Meerapfel, un nom bien connu dans le vaste monde du cigare, quand on entend celui-ci on pense au Cameroun, à l’étroite collaboration et amitié avec la Famille Fuente mais savez-vous que début des années 1900, la société Meir Meerapfel & Söhne est devenue le plus important négociant de tabacs de cape de Java et de Sumatra, que Heller Meerapfel, le guide du clan, devient un proche confident du jeune Che Guevara en 1935 et bientôt le plus grand exportateur de tabac cubain de l'histoire et que cette proximité avec le Che permet de sauver les manuscrits d'Ernest Hemingway (1899-1961), qui a vécu à Cuba pendant des années et de les remettre à l’université de Princeton, qu’Heller, encore lui, a jeté les bases de la distribution de cigares de qualité supérieure dans l'hémisphère oriental

Mais le Clan s’est aussi la persévérance, le courage, la volonté. Comme d’autres, il n’a pas été épargné que cela soit par la roue de la vie qui entraine Richard de l’autre côté du miroir bien trop tôt, par leur origine, par les révolutions… et pourtant en 2023, ils sont toujours là et cela depuis 1610 où ils débutent l’aventure du tabac, En 1876, Meir II construit la première fabrique de cigares MEERAPFEL à Untergrombach et que la société MMS telle que nous la connaissons aujourd'hui éclot.

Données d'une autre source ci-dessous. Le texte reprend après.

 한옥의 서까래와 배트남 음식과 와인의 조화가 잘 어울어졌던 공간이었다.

Quand j’écris ces quelques mots, le slogan de Jeremiah résonne dans ma tête comme le battement du tambour sacré : Sans Concessions.

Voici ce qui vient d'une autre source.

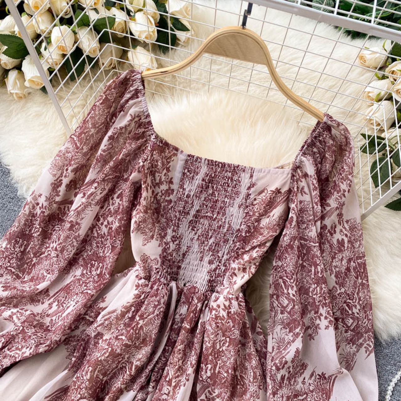 ワンピース レディース フレアワンピース ミニ丈 ショート丈 袖あり 長袖 パフスリーブ スクエアカラー 襟無し フレア かわいい 大人可愛い きれいめ 大人 上品 ラブリー キュート ガーリー おしゃれ 大人女子 こなれ感 エレガント ハイウエスト 結婚式 二次会 披露宴 10代 20代 30代 OL 通勤 学生 通学 デート お出かけ 女子会 パーティー イベント リゾート 韓国系 オルチャン ファッション コーデ スタイル モテ 体系カバー 美脚 脚長 インスタ映え ピンク 花柄 プリント レトロ
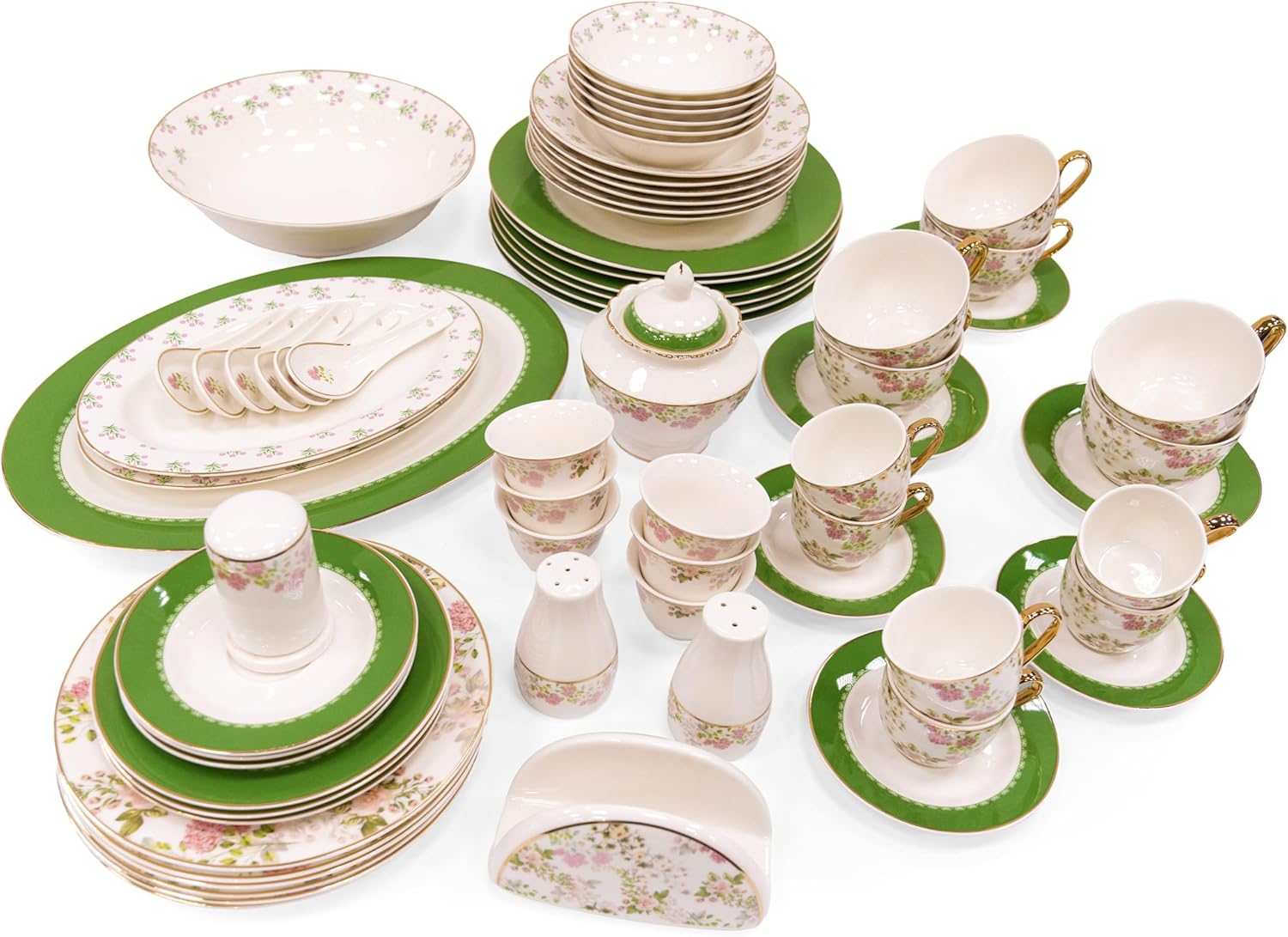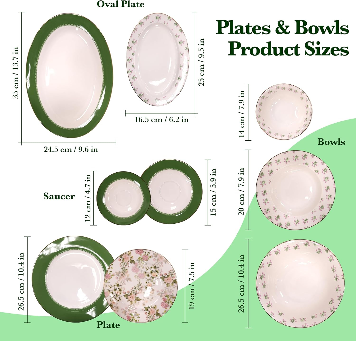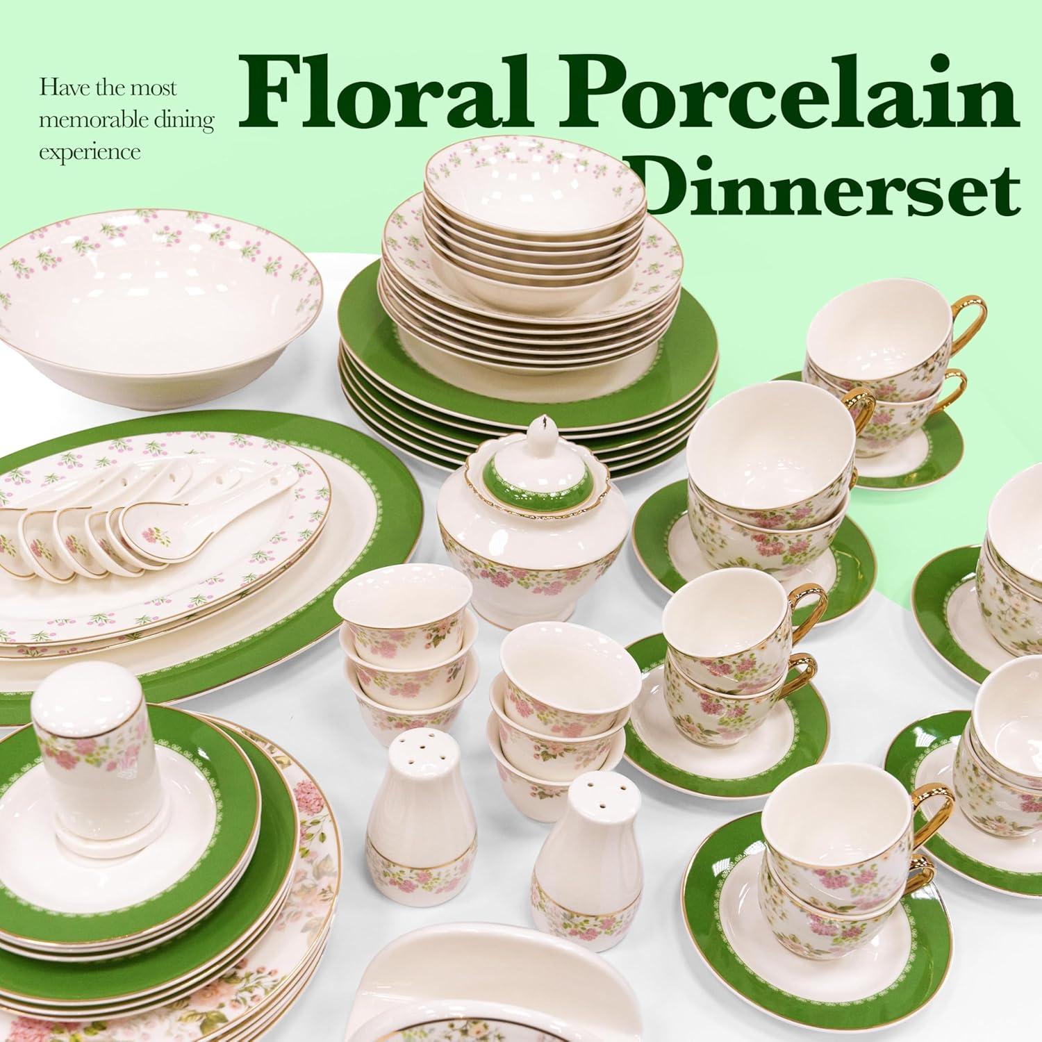B&S Porcelain Round Dinnerware Set | 71PCS Premium Ceramic Tableware | Dish Set with Floral Design | Vintage Porcelain Tea & Coffee Set | Microwave & Dishwasher Safe Plates and Bowls (Green & Pink)

Suite au succès mondial de la gamme Richard, vous comprendrez mes chers lecteurs et lectrices qu’il ne pouvait pas ne pas faire une gamme au nom de son illustre ancêtre, celui par qui tout a commencé.

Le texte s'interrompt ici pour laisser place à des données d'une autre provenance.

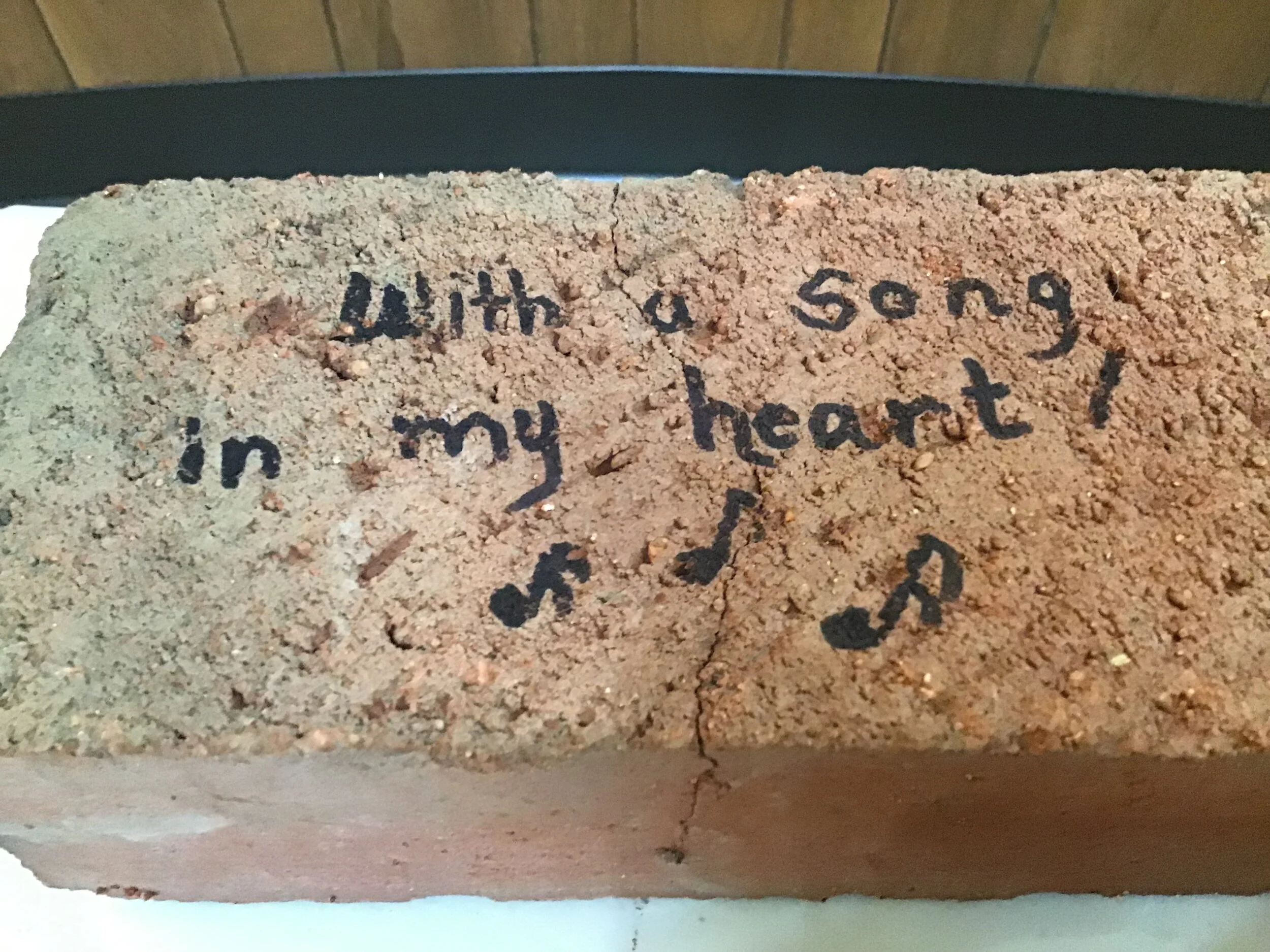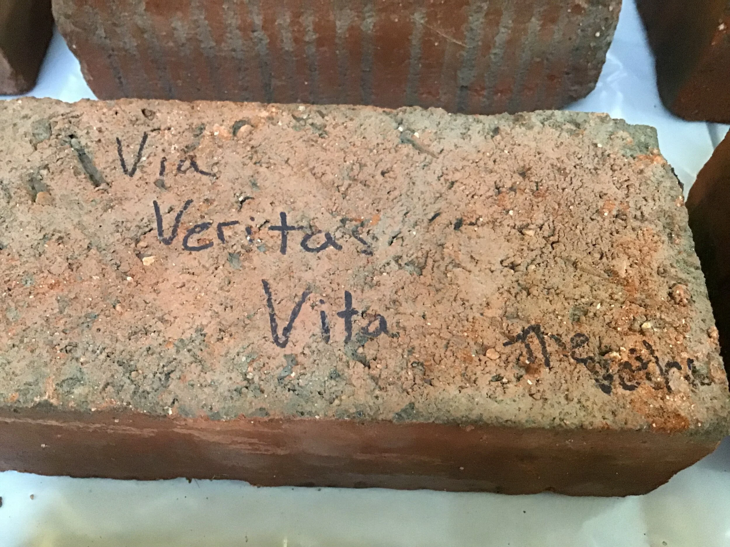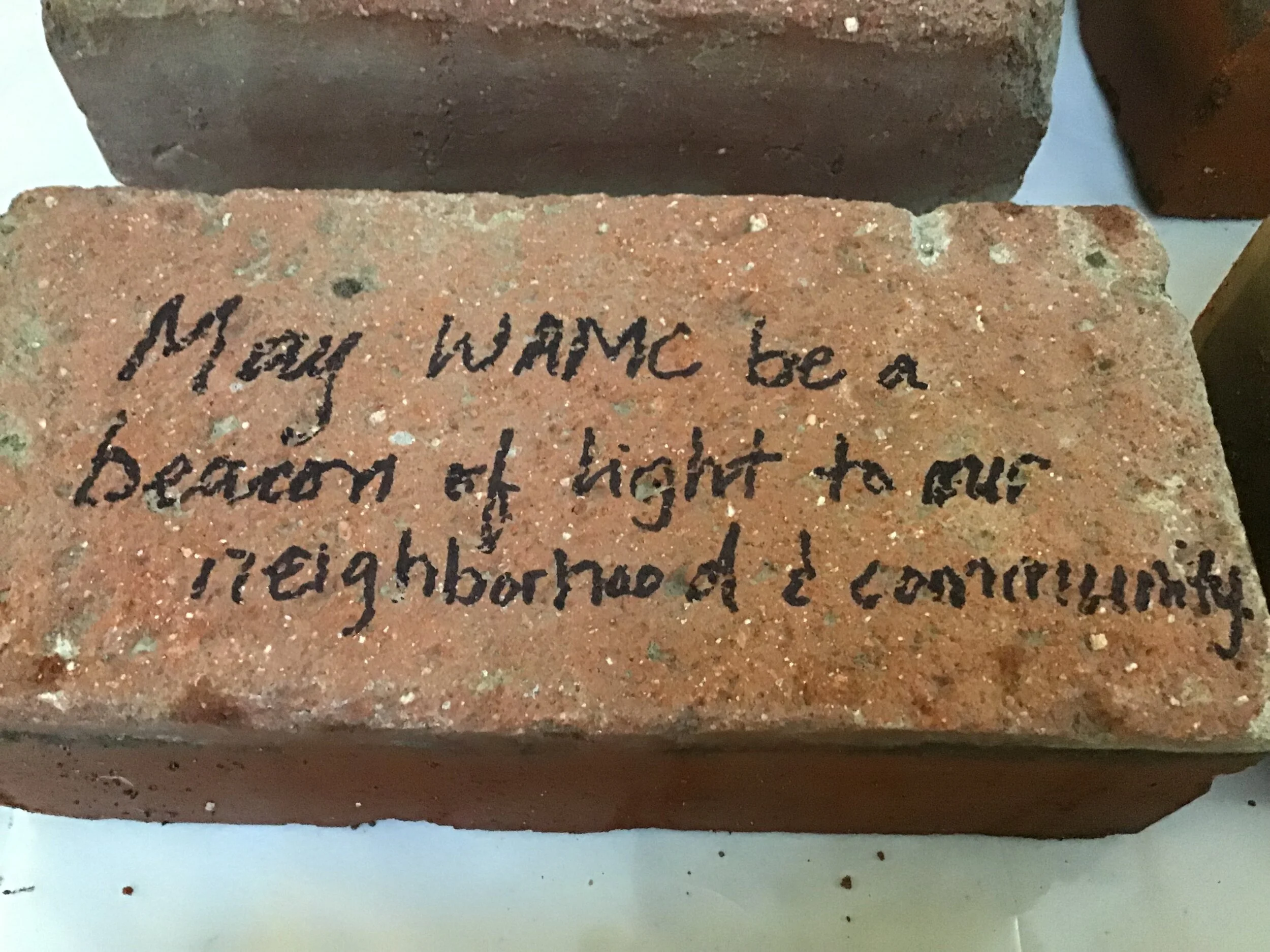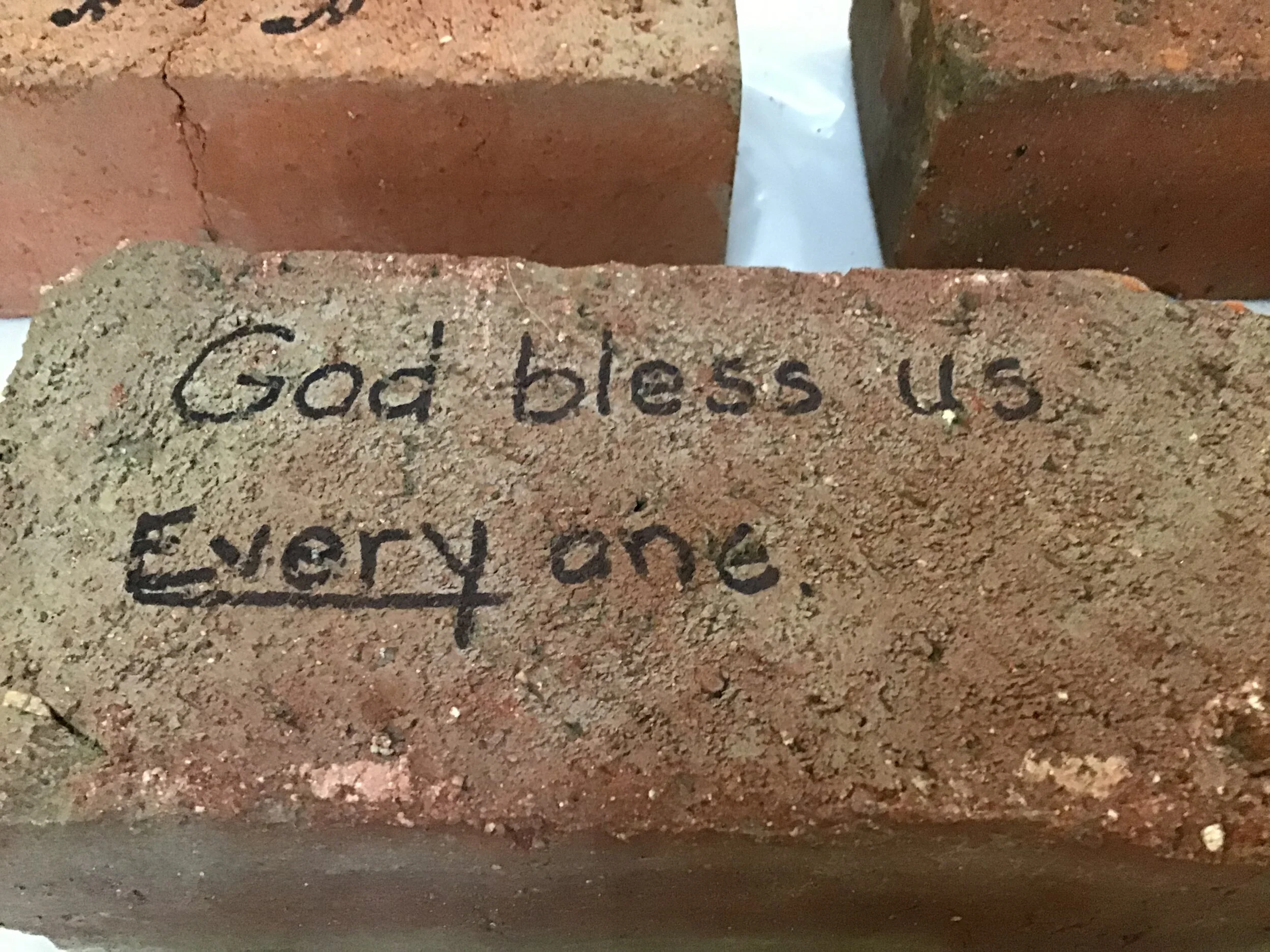 The walking path of the labyrinth is grass, while the outline of each of the labyrinth’s five circuits are bricks inlayed into the grass. Members of the congregation wrote prayers of blessing for the church and the neighborhood, which lie face-down on bricks that line the entrance to the labyrinth.

On ne change pas une équipe qui gagne donc pas d’autres renseignements sur les tabacs, que : ils sont dotés d’une cape camerounaise, que leur composition n’est faite que de tabacs âgés et qu’ils sont roulés en Rép. dom. si vous n’avez pas eu l’occasion de lire mon article sur le Richard, je vous retransmets mes impressions sur la fabrique de roulage : NDA : il faut déjà de très bons rouleurs pour faire ce genre de cigare de prestige, peu de fabriques terminent leurs cigares par des têtes recherchées ou élaborées ; les Richard ont une queue de pie, les familles Meerapfel et Fuente sont bien plus que des collaborateurs, ou même des amis… il ne m’en faut pas plus pour que je suppose (mais cela ne m’a jamais été confirmé ou infirmé) qu’ils sont roulés chez Fuente.



Meerapfel


J’ai une cape brune avec un aspect particulier typique aux feuilles de cette région, elle n’est pas huileuse tout en donnant une sensation de velours au toucher, elle est parcourue par de belles nervures qui lui donne un aspect vivant. Une bague de grande taille attire l’attention car elle est toute de couleur or. C’est Van Tintelen Printing Art, un imprimeur néerlandais bien connu en Europe pour la réalisation de bagues, qui s’est chargé de son impression mais elle a été conçue sur les instructions de Jeremiah par une dentelière belge.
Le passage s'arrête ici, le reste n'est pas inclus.